Елагин боялся спугнуть судьбу и потому соврал, что фильм ранее не видел. А ведь он не только смотрел «Метрополис», но тот ему ещё и активно не понравился тогда полгода назад. Футуристические кинозарисовки с революционным ожиданием скорее были похожи на его прошлое, чем говорили о будущем. Странно, но в этот раз он смотрел ленту совсем другими глазами. Социальные предсказания фильма его больше не трогали, на первое место вышла сила и самоотверженность простых человеческих чувств. Вероятно, это и было то самое главное, что он благополучно пропустил полгода назад.
После синематографа они медленно шли по вечернему Берлину, дышали вечером. Елагин вдруг поймал себя на мысли, что хоть он, непривычный к близкому женскому присутствию, и робел в обществе Серафимы, ему сейчас было уютно и по-особенному спокойно. Говорить не хотелось, а хотелось так просто идти по улице и чувствовать тихое внимание другого человека. Ведь Елагин так соскучился по простому вниманию. Вся его жизнь была наполнена явной или тайной борьбой, она была чередой военных состояний и содержала в себе постоянную готовность к столкновению и смерти. И когда наполненность существования действием и риском исчезла, собственная жизнь представилась Елагину абсолютно пустой и бессмысленной. Именно в эмиграции впервые так явно и остро он прочувствовал своё одиночество и заброшенность…
– Вам не понравился фильм? – осторожно спросила Серафима, заглядывая в глаза Елагина.
– Совсем наоборот, – ответил тот и мягко улыбнулся; и сейчас он ни её, ни себя не обманывал.
Неуютная пауза могла затянуться, и потому, преодолевая робость, Елагин нескладно поинтересовался, словно палочку-выручалочку вытянув глагол из вопроса Серафимы:
– Вам нравится Берлин?
– Совсем наоборот, – ответила Серафима.
Они рассмеялись. Скованность, провоцируемая короткостью знакомства, растаяла, быстро рассыпалась как песочный замок.
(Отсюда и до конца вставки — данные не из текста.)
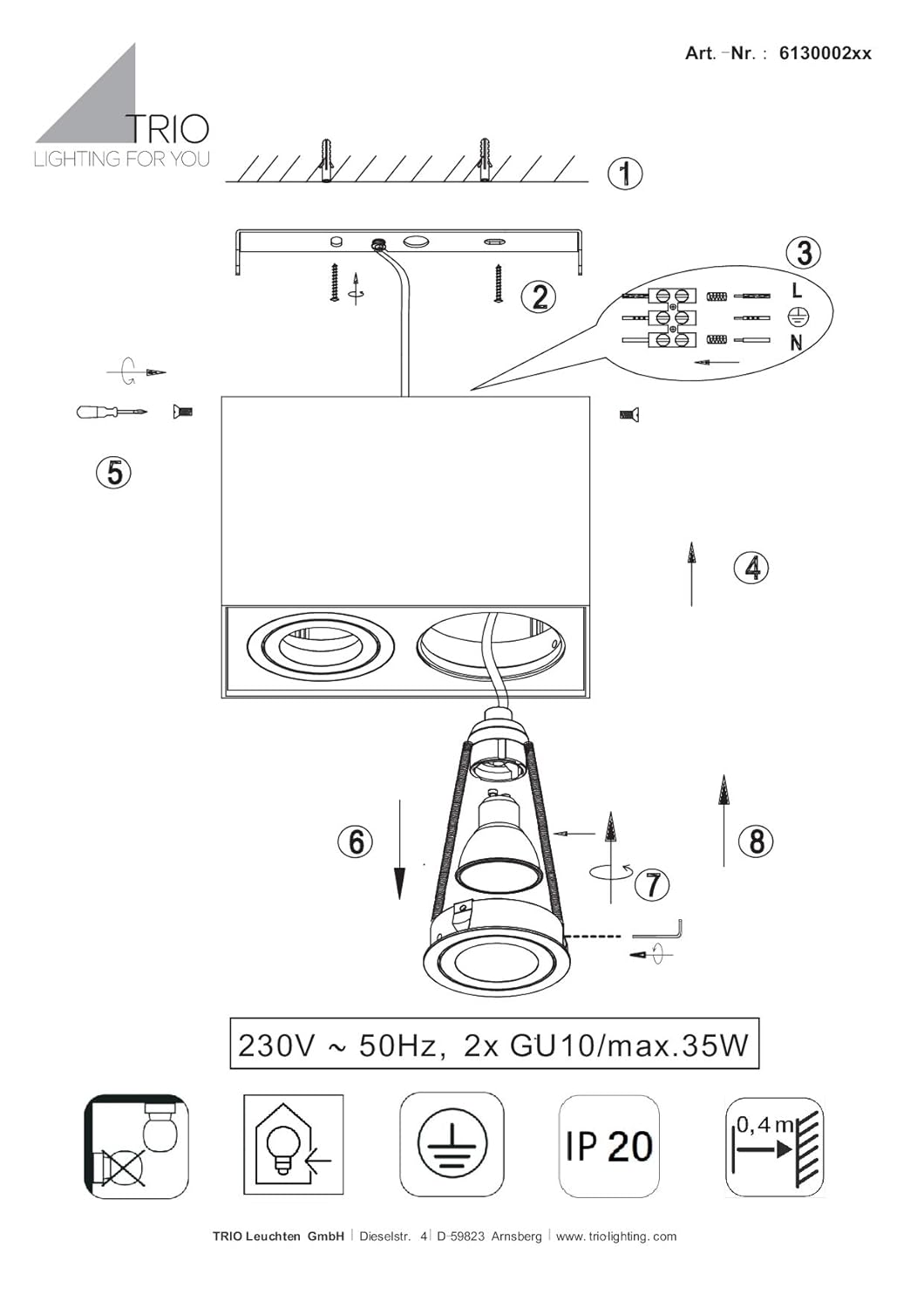 Schwenkbarer Aufbaustrahler BISCUIT aus dem Hause TRIO Leuchten Diese zeitgemäße Innenleuchte verleiht jedem Wohnbereich das Gewisse etwas!Dank des eckigen Designs aus schwarz mattem Metall ist die schwenkbare BISCUIT Spotlampe schon im Hellen ein wahrer Hingucker. Die Deckenleuchte ist jedoch nicht nur optisch attraktiv, sondern überzeugt auch durch ihre vielfältigen Einsatzmöglichkeiten. Die moderne, aufbauende Bauweise der 2 flammigen Leuchte eignet sich besonders, wenn man eine optische Abhebung im Raum wünscht. Durch die schwenkbaren Fassungen in der Leuchte, kann man die Lichtkegel optimal einstellen. Somit setzt diese Spotleuchte Kunststücke, Bildwerke oder antike und wertvolle Vasen gekonnt in Szene. Darüber hinaus können mehrere dieser Deckenlampe für Vitrinen-, Flur-, Galerie- oder Kochinselbeleuchtung im Einsatz gebracht werden. Ob als stylishe Deckenlampe in Fluren und Dielen, als zeitgemäßer Strahler über Ihrem Esstisch in Küche oder Esszimmer, als Eyecatcher in Ihrem Wohnzimmer oder auch als Highlights in öffentlichen Bereichen, wie z.B. Büro, Geschäften oder Praxen. Auch als coole Deckenlampe für das Jugendzimmer ist diese BISCUIT Leuchte die richtige Wahl. Ganz gleich, welche Art von Lichtspots Sie für Ihre Zwecke benötigen, ob Sie auf der Suche nach Wohnzimmerlampen, Flurleuchten, Küchendeckenlampen, Schlafzimmerlampen, Büroleuchten oder sonstigen Wohnraumleuchten sind, dieser universell einsetzbarer Deckenstrahler wird all Ihren Ansprüchen gewiss gerecht!* Geeignet für 2 x GU10 Leuchtmittel bis max. 35 Watt (nicht enthalten)

– Мне больше нравится Париж, – пояснила Серафима. – Я жила там несколько лет.
– Я тоже жил в Париже, – произнёс Елагин, – и согласен, что он красивый город. Однако Париж мне показался более чужим, чем Берлин. – Елагин пожал плечами, – Вероятно, оттого… – и запнулся, не решившись продолжить; пришедшее на ум объяснение показалось ему излишне выспренним, показным, отчего-то совершенно неестественным.
– Вы хотели сказать, что Берлин ближе к России, чем Париж, – произнесла Серафима.
Точная догадка спутницы сразила Елагина. Он смешался, пряча своё волнение под оправдывающейся улыбкой.
– Я боялся этого сравнения, – сказал Елагин, его худые руки в нервной зябкости стали поглаживать друг друга. – Дело в том, что той, прошлой России, о которой можно было говорить, уже нет. И потому нельзя быть к ней ближе или дальше. Мы о той России ещё помним, но она уже умерла, как умерли когда-то Эллада, Рим, Византия. Появилось нечто иное, новое, совершенно непонятное, родилось оно в ужасных муках, в крови, и что будет с ним – не ясно. Но это другое, это не наша Россия.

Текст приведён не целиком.